* Task:
Pictures should be excluded; otherwise, copy every entry exactly.
Material for this task: Begin
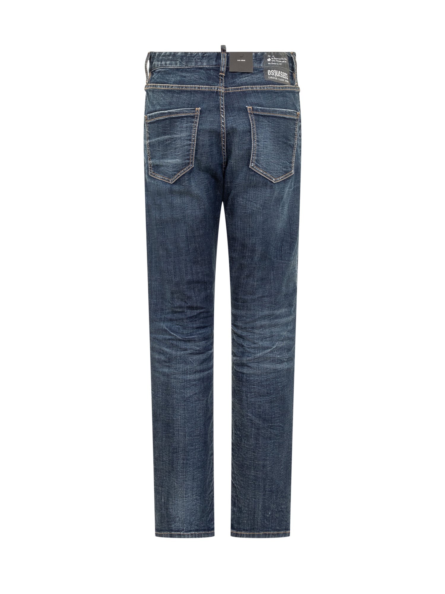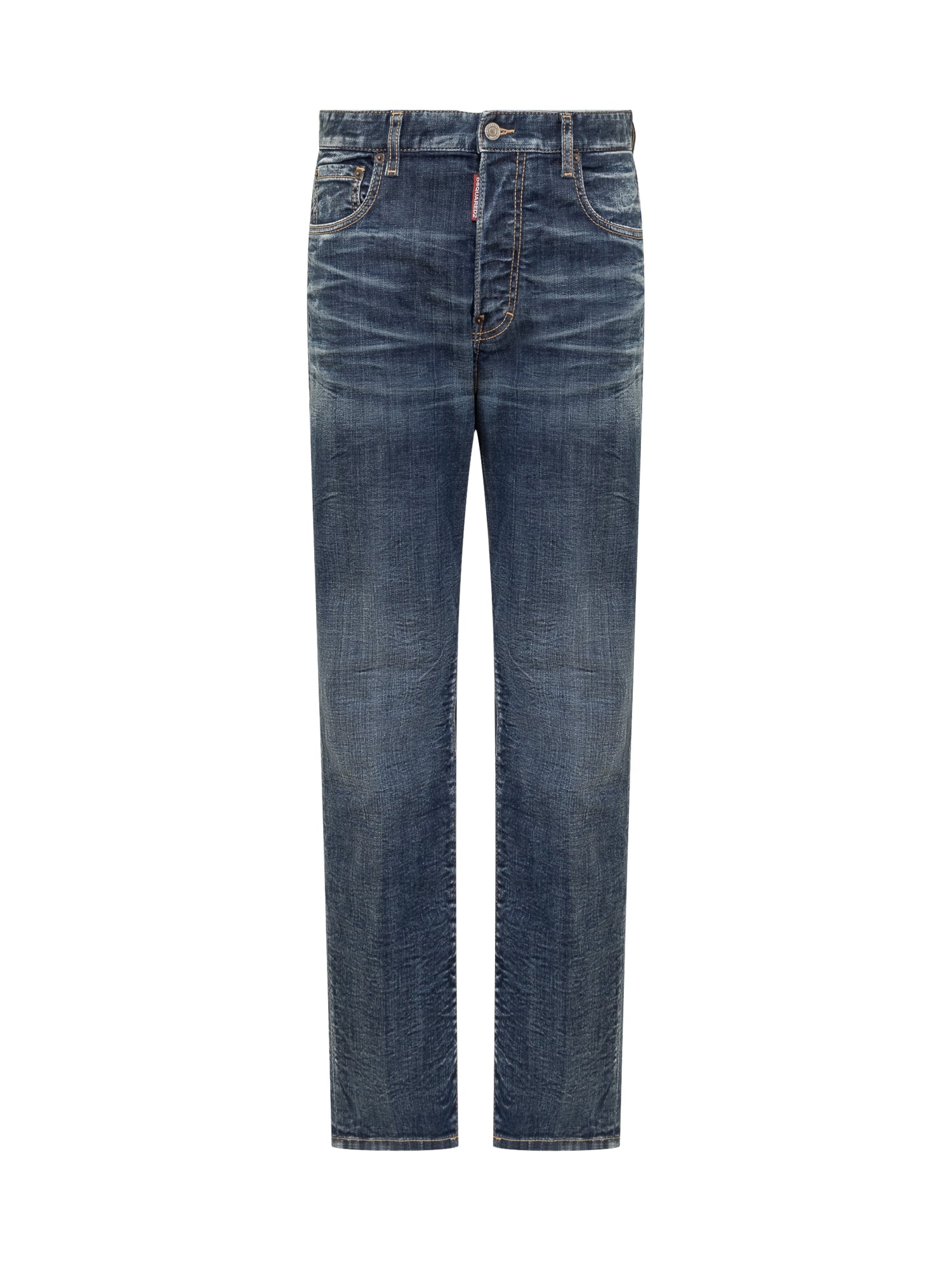 Jeans blu. Cinque tasche. Chiusura con bottoni. Effetto usato. Passanti per cintura.
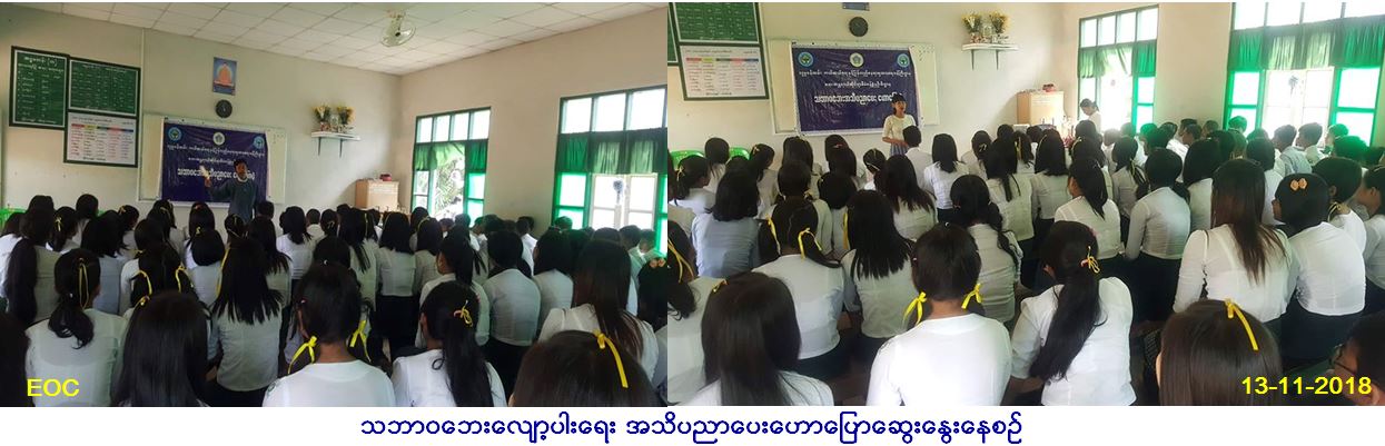 လူမှုဝန်ထမ်း၊ ကယ်ဆယ်ရေးနှင့် ပြန်လည်နေရာချ ထားရေးဝန်ကြီးဌာန၊ ဘေးအန္တရာယ်ဆိုင်ရာစီမံခန့်ခွဲမှုဦးစီးဌာန၊ တနင်္သာရီတိုင်းဒေသကြီးဦးစီးမှူး ရုံးမှ တာဝန်ရှိသူများသည် (၁၃-၁၁-၂၀၁၈)ရက်နေ့၊ နံနက်(၁၀:၀၀)အချိန်တွင် လောင်းလုံးမြို့နယ်၊ ပန်းတင်အင်းကျေးရွာရှိ အ.ထ. က ငပိ တက်ကြီးကျောင်း၌ ပြည်သူ(၂၀၀)ဦးအား သဘာဝဘေးလျော့ပါးရေး အသိပညာပေးဟောပြော ပွဲပြုလုပ်ခဲ့ပြီး တာဝန်ရှိသူထံသို့ သဘာဝဘေး အသိပညာပေးလက်ကမ်းစာစောင်များနှင့် ဗွီနိုင်းပိုစတာများပေးအပ်ခဲ့ကြောင်း သတင်း ရရှိပါသည်။
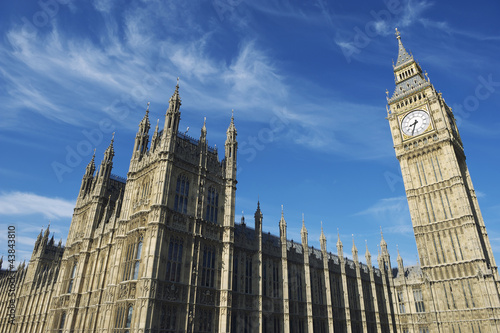 © lazyllama, Fototapeta premium Westminster Palace and Big Ben London Blue Sky Horizontal
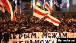 Protesters chanted "Freedom," "Motherland," "Long Live Belarus!" "We Shall Win!" and Milinkevich’s name. Others lit candles and waved flags adorning the traditional red and white colors of Belarus.
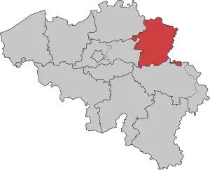 Localisation de l'arrondissement judiciaire du Limbourg, après la fusion des arrondissements judiciaires de 2014.
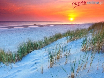 Puzzle Plaża, Zachód Słońca, Wydmy, Morze
Material for this task: End
* Task solution:
 Jeans blu. Cinque tasche. Chiusura con bottoni. Effetto usato. Passanti per cintura.
 လူမှုဝန်ထမ်း၊ ကယ်ဆယ်ရေးနှင့် ပြန်လည်နေရာချ ထားရေးဝန်ကြီးဌာန၊ ဘေးအန္တရာယ်ဆိုင်ရာစီမံခန့်ခွဲမှုဦးစီးဌာန၊ တနင်္သာရီတိုင်းဒေသကြီးဦးစီးမှူး ရုံးမှ တာဝန်ရှိသူများသည် (၁၃-၁၁-၂၀၁၈)ရက်နေ့၊ နံနက်(၁၀:၀၀)အချိန်တွင် လောင်းလုံးမြို့နယ်၊ ပန်းတင်အင်းကျေးရွာရှိ အ.ထ. က ငပိ တက်ကြီးကျောင်း၌ ပြည်သူ(၂၀၀)ဦးအား သဘာဝဘေးလျော့ပါးရေး အသိပညာပေးဟောပြော ပွဲပြုလုပ်ခဲ့ပြီး တာဝန်ရှိသူထံသို့ သဘာဝဘေး အသိပညာပေးလက်ကမ်းစာစောင်များနှင့် ဗွီနိုင်းပိုစတာများပေးအပ်ခဲ့ကြောင်း သတင်း ရရှိပါသည်။
 © lazyllama, Fototapeta premium Westminster Palace and Big Ben London Blue Sky Horizontal
 Protesters chanted "Freedom," "Motherland," "Long Live Belarus!" "We Shall Win!" and Milinkevich’s name. Others lit candles and waved flags adorning the traditional red and white colors of Belarus.
 Localisation de l'arrondissement judiciaire du Limbourg, après la fusion des arrondissements judiciaires de 2014.
 Puzzle Plaża, Zachód Słońca, Wydmy, Morze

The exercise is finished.